In stark contrast to Gilles Grangier’s no nonsense directorial approach on Le Rouge et Mis, director Édouard Molinaro begins ‘Le Dos au Mur’ [Literal translation: ‘Evidence in Concrete’, but more snappily retitled for English-speaking viewers as ‘Back to the Wall’] - the second film in Kino Lorber’s French Noir Collection - with an audacious, near wordless seventeen-minute sequence depicting a man (future writer/director Gérard Oury) breaking into a ground floor apartment and methodically cleaning/rearranging the scene of a murder, before managing to drag the carpet-wrapped corpse of the victim (Philippe Nicaud) to his car, driving it to a construction site and burying it beneath a layer of freshly laid cement.

A real tour de force of noir technique, perhaps reflecting the influence of ‘Rififi’s famed heist scene, this sequence boasts expressionistic, John Alton-esque photography from DP Robert Lefebvre, full of brightly illuminated details emerging from inky pools of darkness, fragments of light gleaming off glass and chrome and the rain-sodden headlight beams momentarily blinding us as they flash through the black void. (1)

In visual storytelling terms too, this is riveting stuff, with menacing low angles and rhythmic, Hitchcockian cutting cranking the tension, as Oury is forced to hide his nefarious activities from the attentions of sundry nocturnal witnesses.

It is only once our man’s unsavoury night’s work is over, and he is once again behind the wheel, cruising ‘Lost Highway’ style through the darkness, that - in true noir style - we drift into flashback, and the story proper gets underway.

Unfortunately, this involves the film’s visual style settling down into a far more conventional routine of set-bound chat and exposition, as we join Oury’s character - who it transpires is some kind of construction/cement magnate? - as he discovers that his much younger wife (Jeanne Moreau, fresh from ‘Ascenseur pour L’échafaud’ and already something of a crime/noir veteran by this point in her career) has been cheating on him with a feckless artist/under-employed actor type (Nicaud).

Given what we’ve already learned from the opening sequence, it’s not exactly a spoiler to reveal that Oury does not take this news well.

Clearly veering more toward the James M. Cain-derived, murder/adultery strand of noir than the gangster/crime thread represented by ‘Le Rouge et Mis’, ‘Le Dos au Mur’s concentration on the travails of a desperate, obsessive (and ultimately doomed) central character also brings a strong Cornell Woolrich flavour to proceedings.

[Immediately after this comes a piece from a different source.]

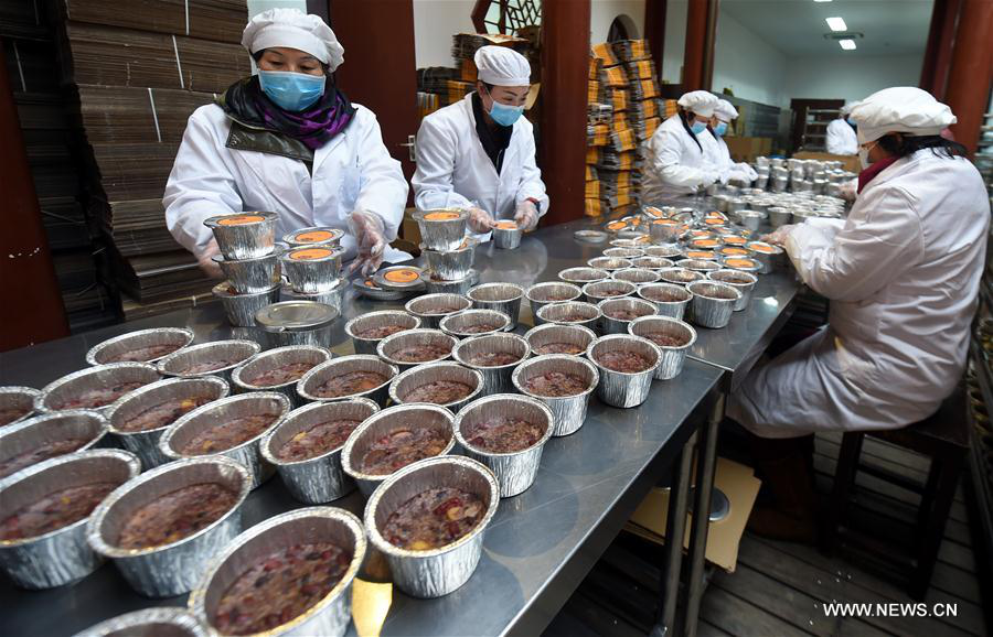 Volunteers pack laba porridge, a kind of rice porridge with nuts and dried fruit eaten on the eighth day of the twelfth lunar month which falls on the Jan. 5 next year, at Lingyin Temple in Hangzhou, east China's Zhejiang Province, Dec. 30, 2016. Linyin Temple were busy in preparing laba porridge which would be distributed to citizens and tourists for free at the temple and to some hospitals, nursing homes, welfare houses and migrant schools etc.. (Xinhua/Wang Dingchang)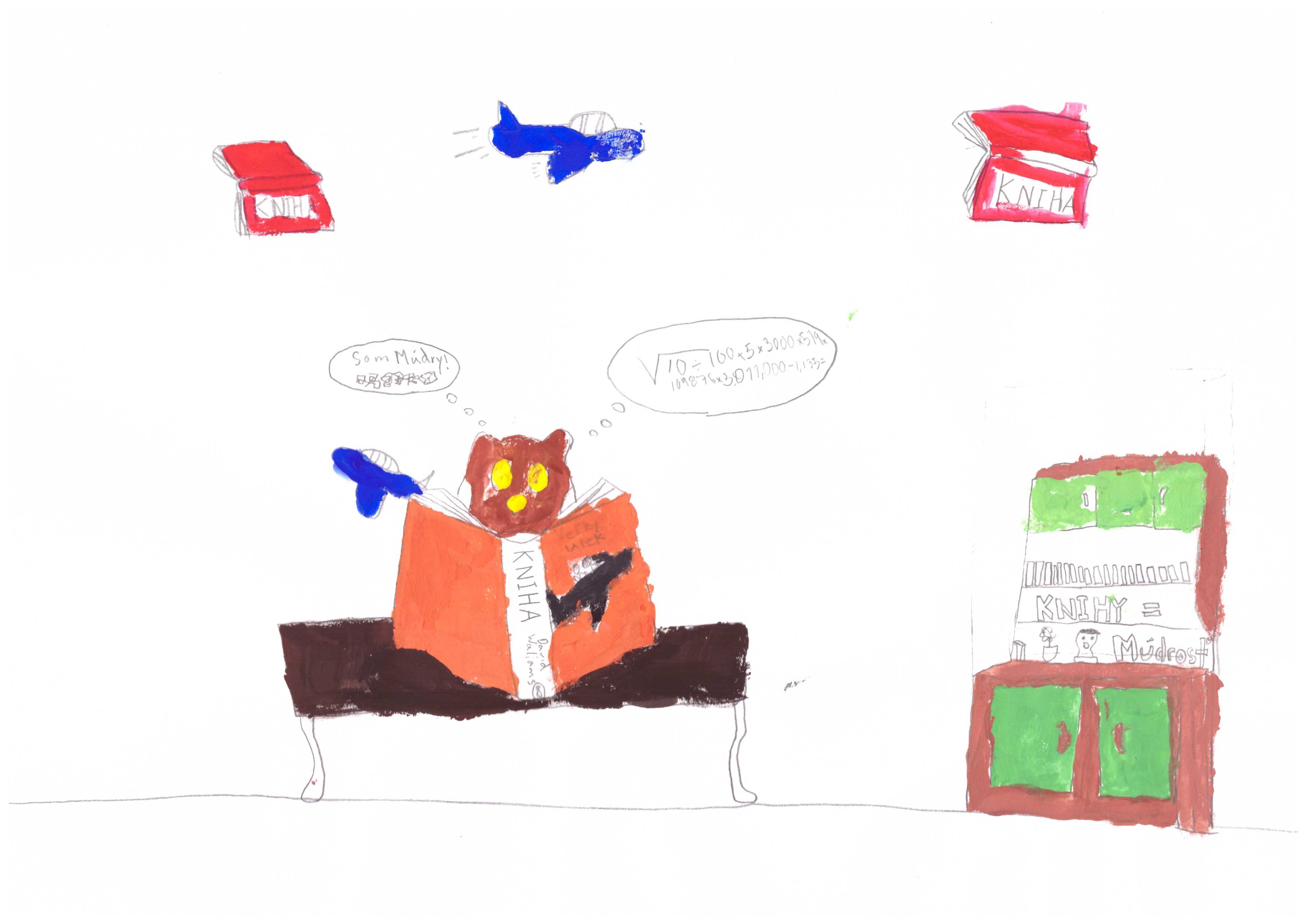Knižnica na prvom stupni je teraz plná slovenských obrázkov. Je ich 58 a môžu tam zostať až do konca roka. Sú medzi nimi plagáty, kreslené vtipy, krátke eseje, ilustrácie, vysvetlenia: čoskoro ich spolu s krstným menom umelca uverejníme aj na webových stránkach.

Pedants might wish to note that the film also features one of those flashback structures full of scenes which the character recalling the tale couldn’t possibly have witnessed first-hand, but… needless to say, I’m not going to split hairs over details like that, especially given that the plot, based on Frédéric Dard’s novel, actually proceeds to unfold into a rather ingenious scenario, one whose possibilities would have provided plenty of red meat for any contemporary Hollywood screenwriter to get their teeth into.

Rather than rushing straight into a campaign of vengeance after discovering his wife’s infidelity y’see, Oury’s character’s preferred course of action is to instead begin blackmailing the adulterous couple, setting himself up with a fake ID, dispatching the requisite anonymous letters, and claiming back the resultant dough (which Moreau has already finagled from his pocket using an increasingly strained series of excuses) from a post office box in another part of town.

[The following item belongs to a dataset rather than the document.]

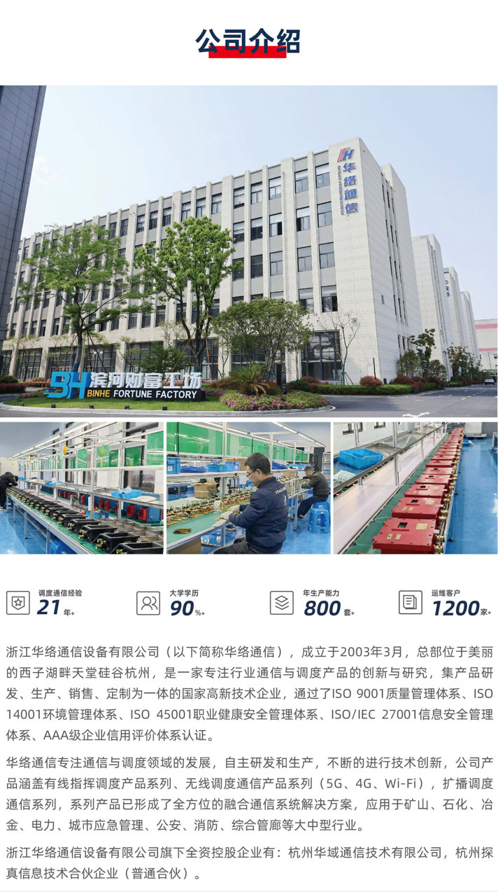 浙江华络通信设备有限公司是一家专注行业通信与调度产品的创新与研究,集产品研发、生产、销售、定制为一体的国家高新技术企业,防爆wifi安全生产,主营产品:程控调度、软交换调度、融合调度、无线5G通信、无线4G通信、无线WiFi通信、无线MESH通信、广播通信、UWB定位等。防爆wifi服务热线。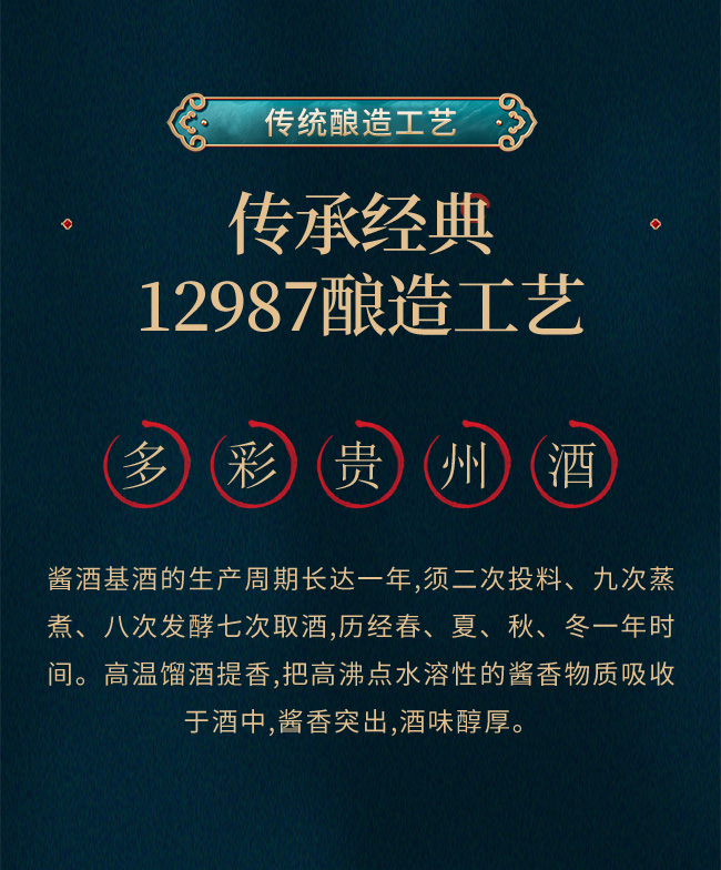國民醬香好酒,香飄大地神州。古珍酒業(yè)沿襲赤水河傳承千年的純糧釀造工藝,集天地人和醞釀之精華,融入多彩貴州五色秀多彩文化理念,為大眾消費者開發(fā)物美價廉的醬香好酒,在多彩貴州酒集團公司的帶動下,以貴州白酒產(chǎn)業(yè)健康可持續(xù)發(fā)展為己任,為共同推動貴州赤水河流域建成世界醬香型白酒產(chǎn)業(yè)核心區(qū)砥礪奮進(jìn)。

As you might imagine, this instigates an extended game of cat and mouse between the two parties, as, amongst other things, Oury hires a sublimely shifty private detective to gather more evidence against his targets, whilst the couple in turn engage the services of some underworld heavies to track down their blackmailer, whilst both sides attempt to gain the confidence of a barmaid in the drinking hole where Nicaud and Moreau often meet.

All of which adds up to a hell of a lot of plot to wade through here, so it’s just as well that it’s all pretty engaging, fun stuff. Really though, by far the most interesting factor in play at this point is the twisted and desperate motivations behind Oury’s decision to pursue his blackmail scheme in the first place.

Driven on by a toxic combination of vengeance and crippling fear of loneliness, he not only seeks to destroy Moreau and Nicaud’s relationship through the pressures created by his financial demands, he also wants Moreau to then return to him and voluntarily confess the errors of her ways, if you can believe that - sheer desperation blinding him to the realisation of what a nightmare this artificial extension of their long dead relationship would prove, even in the unlikely event it could be achieved.

Unfortunately, it is again the lack of development of the supporting characters which proves a stumbling block for this otherwise intriguing yarn. I must confess, Moreau is a star whose appeal has always been rather lost on me, and the script gives her precious little to work with here.

I mean, we might assume that her character is a woman who has married for wealth and convenience, only to seek solace in the arms of a younger and more exciting partner when she tires of her cold fish husband - but this is just a projection on our part as viewers. Nothing in the film actually bothers to communicate this to us, leaving the errant wife’s motivation, back story and emotional life a mystery.

Likewise, Nicaud’s character also feels like an empty vessel; imbued with no real character traits beyond being shiftless and a bit lazy, he certainly doesn’t convince as the kind of passionate lover capable to tearing a wealthy and glamourous woman away from the security of her marriage, and as a result, the scenes the couple share together fail to develop much in the way of either chemistry or, crucially, audience sympathy.

Conventional movie morality would tend to suggest we should kind-of, sort-of end up on their side, in preference to the scheming, tyrannical husband, but… in this case, it’s honestly difficult to care.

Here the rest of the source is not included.